You can't believe everything you see on the internet. Amid Hurricane Melissa tearing through the Caribbean, several AI videos started popping up on social media. The rise of AI videos can easily fool people and create false narratives online.
Speaking with People, AI consultant Jeremy Carrasco explained that he saw a number of fake Hurricane Melissa videos on the internet. They appeared to have been created with OpenAI's Sora. Many featured the app's watermark but not everyone did. For instance, a video of a passenger plane flying over the eye of the hurricane fooled a lot of people.

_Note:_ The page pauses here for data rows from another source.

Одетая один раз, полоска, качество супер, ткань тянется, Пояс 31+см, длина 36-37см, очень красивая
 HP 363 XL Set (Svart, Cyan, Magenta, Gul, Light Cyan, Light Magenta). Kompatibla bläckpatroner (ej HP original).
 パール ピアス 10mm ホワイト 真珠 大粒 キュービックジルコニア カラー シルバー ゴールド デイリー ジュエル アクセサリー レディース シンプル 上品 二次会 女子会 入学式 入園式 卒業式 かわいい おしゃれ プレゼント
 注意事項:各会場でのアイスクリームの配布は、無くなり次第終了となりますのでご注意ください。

"You can see the eye right in the center, clear and calm while the walls spin around it. We're just skimming the top of the clouds now holding steady. It's a surreal sunlight pouring straight down into that turquoise," the voice in the video says.

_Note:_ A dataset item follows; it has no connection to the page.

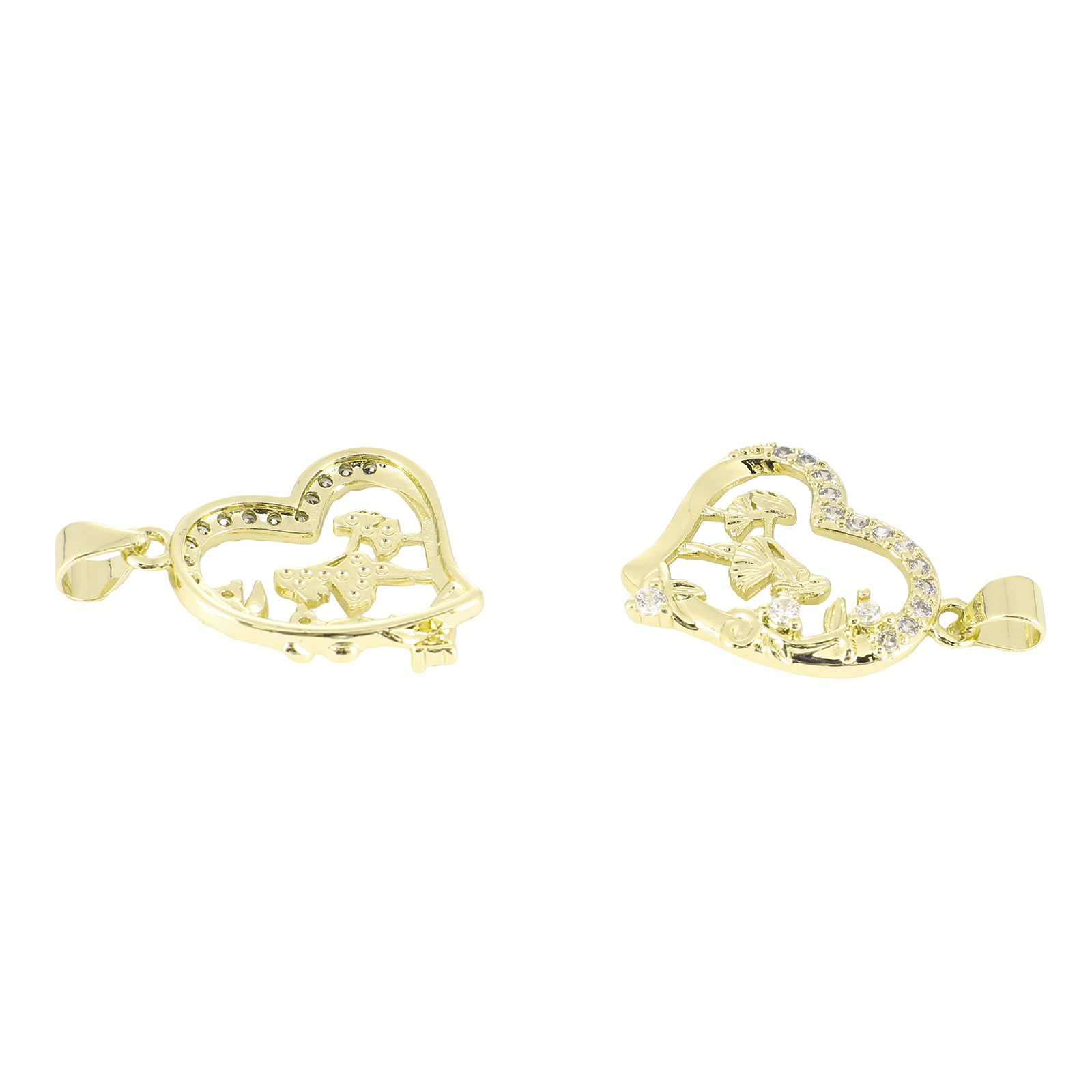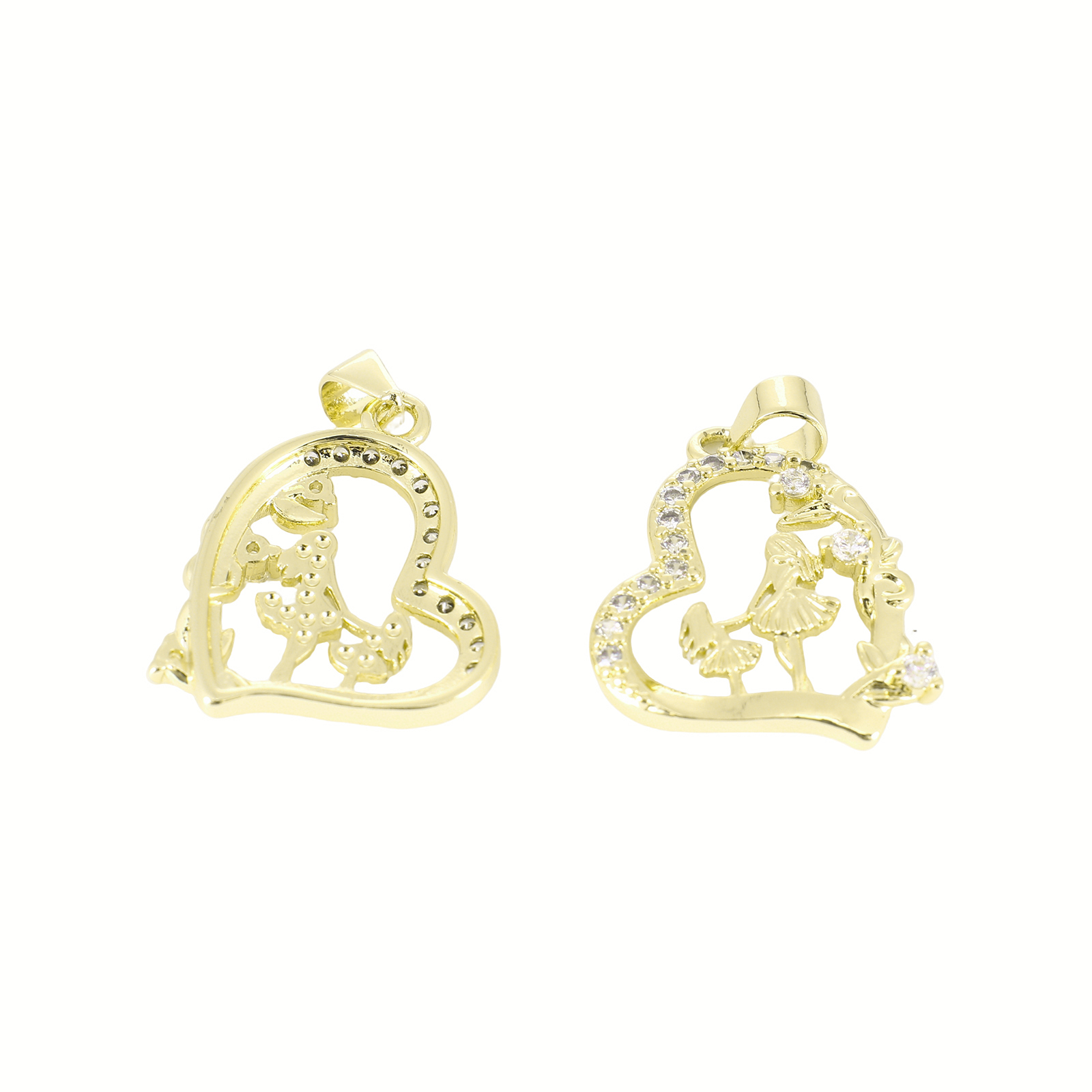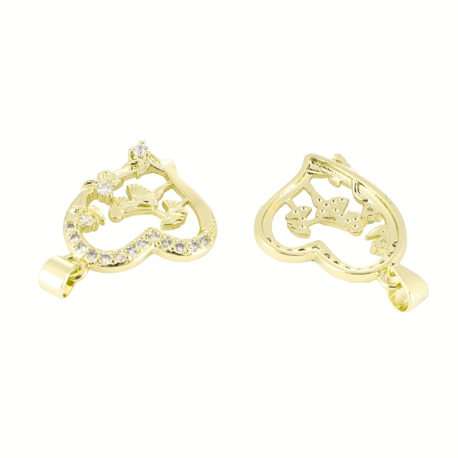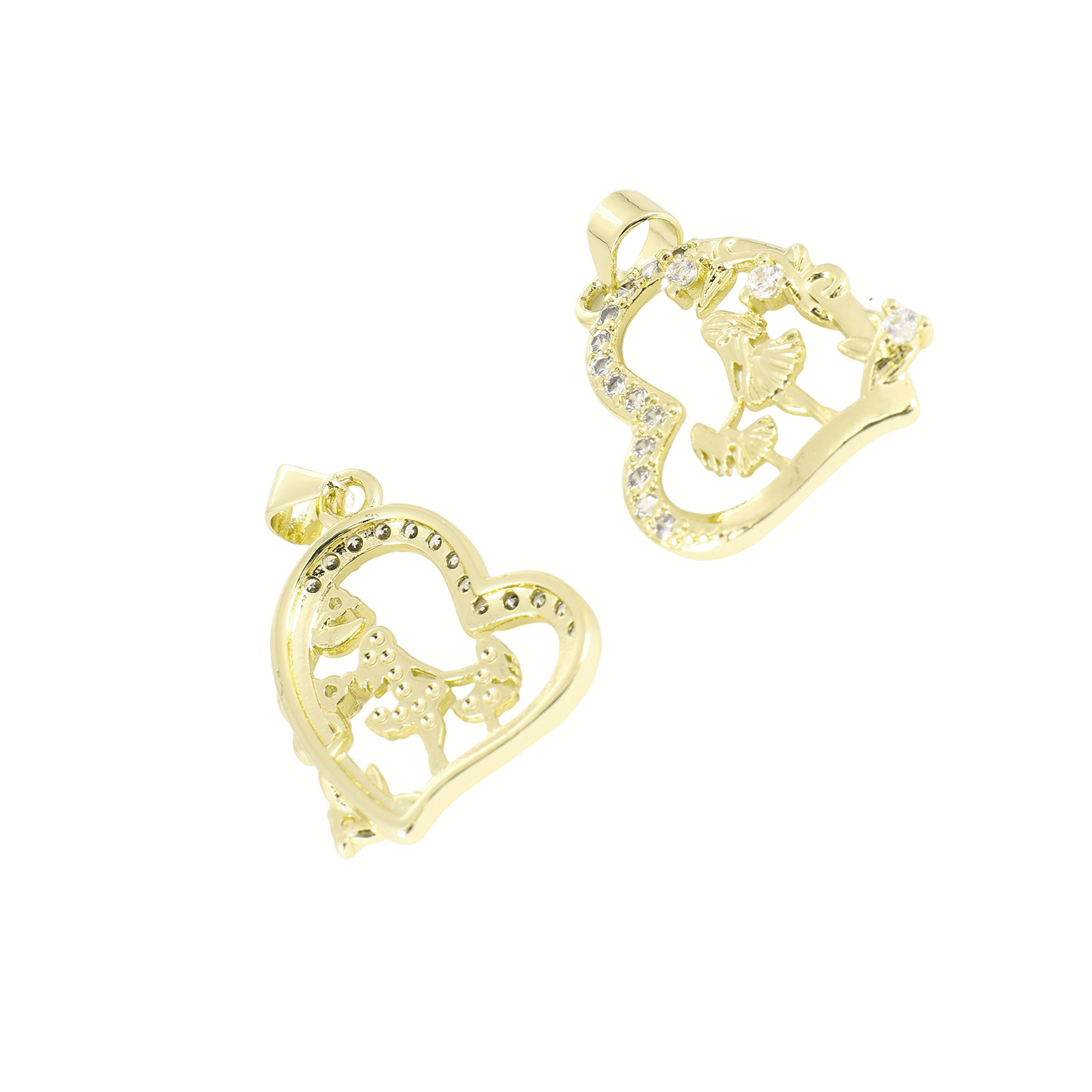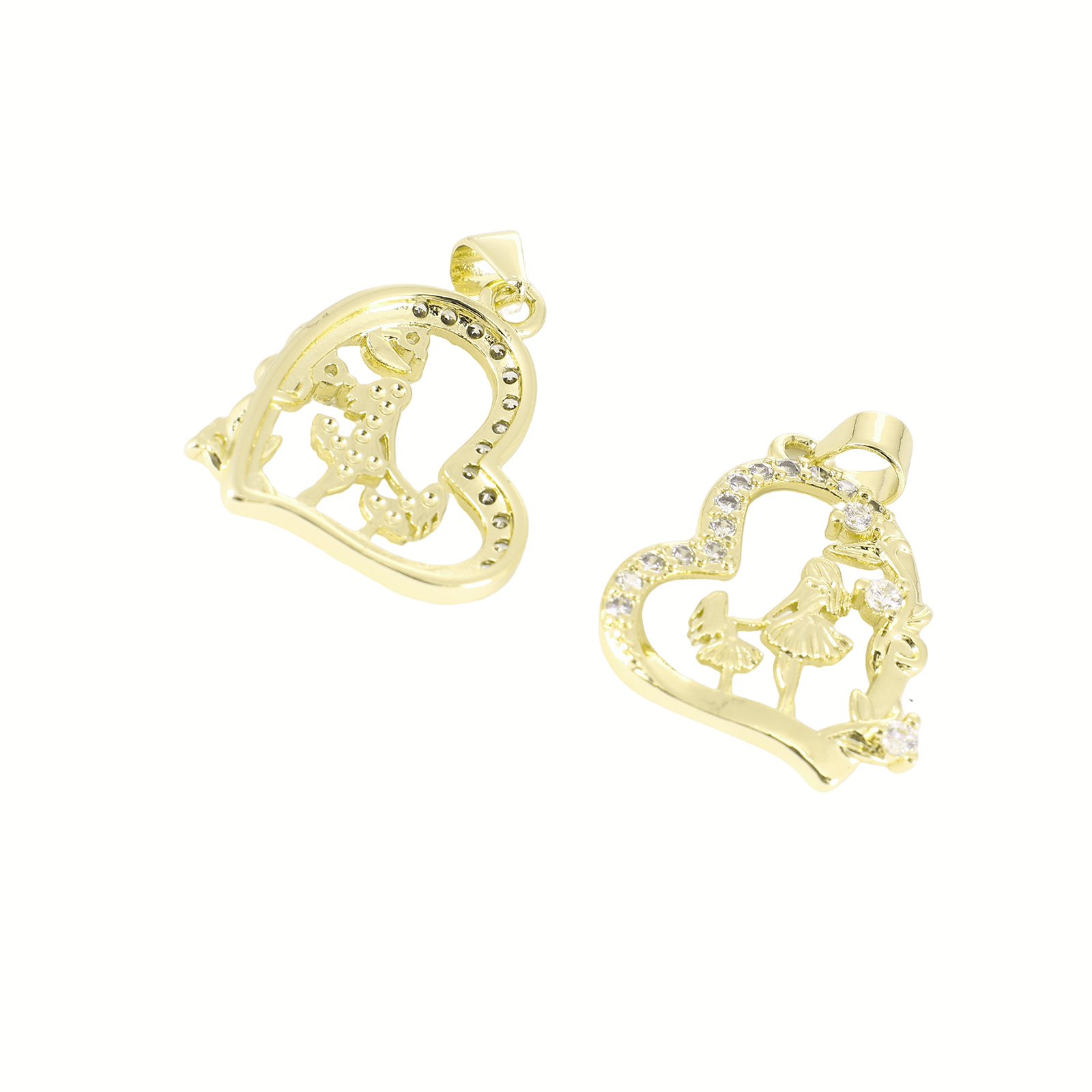 Cubic Zirconia Micro Pave Brass Pendant, Heart, gold color plated

Fake Hurricane Melissa Videos
However, the AI expert notes the "speaking cadence of the pilot is typical of a Sora voice." He also said there are "wobbly patches of pixels that show up in textures and finer details of AI video." You should use common sense as well. A passenger plane wouldn't fly over a hurricane like Melissa.
It's far from the only Hurricane Melissa fake video, though. So it pays to be cautious with what you see.
An OpenAI spokesperson said: "One of the reasons we launched Sora as its own app was to give people a dedicated space to enjoy AI-generated videos and recognize that they were made with AI. To help people know if a downloaded video was generated with Sora, we add visible, moving watermarks and C2PA metadata, an industry-standard provenance signature."
The statement continued, "We also maintain internal reverse-image and audio search tools that can trace videos back to Sora with high accuracy, and we apply extra safety guardrails to any video with a cameo. Our usage policies prohibit misleading others through impersonation, scams, or fraud, and we take action when we detect misuse."